In this example, you would replace $YOUR_LOGSCALE_URL either the URL to your own server, or the URL to the LogScale Cloud environment you're using. For more information, see LogScale URLs & Endpoints.

You will also need to replace $REPO_NAME in the example above with the name of the repository from which you want to delete data.

The last variable you would replace is $TOKEN. Replace it with the default API token for the repository. To find this token, go to the Settings tab in the LogScale User Interface. Click on API Tokens to see a list of your tokens (see Figure 9 here). You can copy the default one from the panel there and paste it into the example above, or create an environment variable by which you would access it.
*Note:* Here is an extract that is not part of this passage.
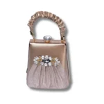 This elegant handbag has a unique shape and a soft, gathered fabric design on the front. It features a beautiful decoration made of shiny stones and flowers, adding a touch of sparkle. The handle is wrapped in a stylish, ruched material, and the top has a decorative clasp with a pearl-like detail. Perfect for formal events or special occasions, this bag combines beauty and charm in a compact size.

As for the rest of the example, you will need to adjust the last line, preceded with the delete option (i.e., -d). Change password=* to the text for which it should search. Notice the wildcard (i.e., *). That will have it include the password. This will result in both the key and value being deleted. Be sure to change the start and end times to the range of time on which to search the repository for that query string.

Best Practices

Some best practices to consider following when completing data anonymization of any kind include:

  • Administrator access is necessary to access Group/Role settings globally, and other feature access depends on what your Role permissions are.

  • Query Prefix options are at the Group level, under assigned Roles, and can be found by clicking the ‘person' icon at the top right of the UI, then Organizational Settings → Groups → Choose a Group → Select a Role assigned to that Group.

  • You should test hashRewrite() and replace() on data in the Search UI before applying them in a parser, query prefix, or event filter settings.

  • You can create test log lines using the createEvents() function, then running this as a search and uncommenting different lines to see how it works.